Representing geometric series as sum of binomial coefficients I was learning generating functions, where faced following:

$$(1-x)^{-n}=\sum_{i=0}^\infty\binom{n+i-1}{i}x^i$$

I didn't get how is this arrived. I tried out to prove this to me. But failed.
Using binomial theorem, I can get that 
$$(1-x)^{-n}=\sum_{i=0}^\infty\binom{-n}{i}x^i$$
However I realize that, I am first time facing $-$ve $n$ in $\binom{-n}{i}$ and I dont know how to solve this. I tried but reached to something involving $-$ve factorial. Googling revealed that $(-n)!$ is somewhat undefined. Wolfram says $(-4)!$ is complex infinity. I also came across this thread which solves 
$$\binom{-4}{3}=\frac{(-4)_3}{3!}$$
I didnt get how this equality is arrived. 
Overall I am lost.
 A: There are several ways to derive the result; I’ll start with the one using the binomial theorem. What you have isn’t quite right: the $x$ term in $1-x$ is negative, so it should be
$$(1-x)^{-n}=\sum_{k\ge 0}\binom{-n}k(-x)^k=\sum_{k\ge 0}\binom{-n}k(-1)^kx^k\;.$$
For $\binom{-n}k$ you need to know the full definition of the binomial coefficient: for all real $x$ and non-negative integers $k$ we define
$$\binom{x}k=\frac{x^{\underline k}}{k!}=\frac{x(x-1)(x-2)\ldots(x-k+1)}{k!}\;;$$
you can check that this agrees with the more familiar definition when $x$ is a non-negative integer.

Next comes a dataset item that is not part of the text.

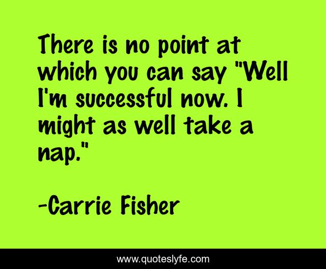 This page presents the quote "There is no point at which you can say "Well I'm successful now. I might as well take a nap."". Author of this quote is Carrie Fisher. .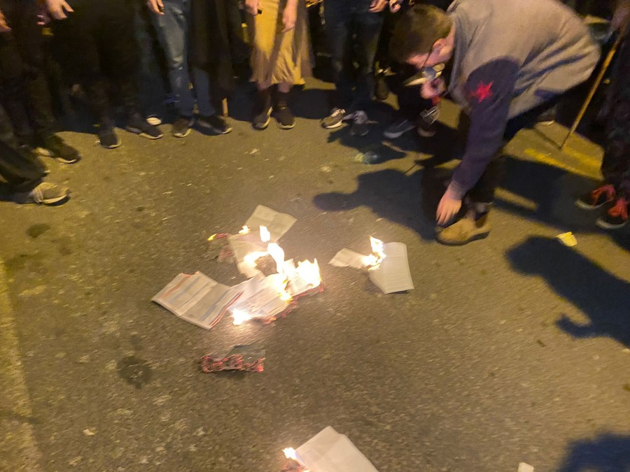 Now in Tel Aviv - Israeli youth burn conscription warrants to the occupation military.

Now we have
$$\begin{align*}
\binom{-n}k&=\frac{(-n)^{\underline k}}{k!}\\
&=\frac{(-n)(-n-1)(-n-2)\ldots(-n-k+1)}{k!}\\
&=(-1)^k\cdot\frac{n(n+1)(n+2)\ldots(n+k-1)}{k!}\\
&=(-1)^k\cdot\frac{(n+k-1)!}{k!(n-1)!}\\
&=(-1)^k\binom{n+k-1}k\;,
\end{align*}$$
so that
$$(1-x)^{-n}=\sum_{k\ge 0}(-1)^k\binom{n+k-1}k(-1)^kx^k=\sum_{k\ge 0}\binom{n+k-1}kx^k\;,$$
since $(-1)^k(-1)^k=(-1)^{2k}=1$.

Another way is to start from the geometric series
$$\frac1{1-x}=\sum_{k\ge 0}x^k\tag{1}$$
and differentiate repeatedly. If I differentiate $(1-x)^{-1}$ with respect $x$ repeatedly, I get $(1-x)^{-2}$, $2(1-x)^{-3}$, $6(1-x)^{-4}$, $24(1-x)^{-5}$, and in general I have
$$\frac{d^n}{dx^n}(1-x)^{-1}=\frac{n!}{(1-x)^{n+1}}\;;$$
this is easy to prove by induction on $n$.
Differentiating the righthand side of $(1)$ $n$ times with respect to $x$, I get
$$\sum_{k\ge 0}k(k-1)(k-2)\ldots(k-n+1)x^{n-k}\;.$$
Setting $\ell=k-n$, so that $k=\ell+n$, I can rewrite this as
$$\sum_{\ell\ge 0}(\ell+n)(\ell+n-1)\ldots(\ell+1)x^\ell=\sum_{\ell\ge 0}\frac{(\ell+n)!}{\ell!}x^\ell\;.$$
Putting the two pieces together, we see that
$$\frac{n!}{(1-x)^{n+1}}=\sum_{\ell\ge 0}\frac{(\ell+n)!}{\ell!}x^\ell\;,$$
or, after dividing by $n!$,
$$\frac1{(1-x)^{n+1}}=\sum_{\ell\ge 0}\binom{\ell+n}\ell x^\ell\;.$$
Now just replace $n$ by $n-1$ throughout to get
$$(1-x)^{-n}=\sum_{\ell\ge 0}\binom{\ell+n-1}\ell x^\ell\;,$$
as desired.
A: This is a comment
on Brian M. Scott's excellent answer.
I like to write
binomial coefficients
and similar products
directly in terms
of the product notation
and doing my manipulations
without any "..."s.
For example,
$\begin{array}\\
\text{Since}\\
\binom{n}{m}
&=\frac{\prod_{k=0}^{m-1}(n-k)}{m!}\\
\text{we have}\\
\binom{-n}{m}
&=\frac{\prod_{k=0}^{m-1}(-n-k)}{m!}\\
&=\frac{(-1)^m\prod_{k=0}^{m-1}(n+k)}{m!}\\
&=(-1)^m\frac{\prod_{k=0}^{m-1}(n+m-1-k)}{m!}
\qquad\text{(reversing the order of the product)}\\
&=(-1)^m\binom{n+m-1}{m}\\
\end{array}
$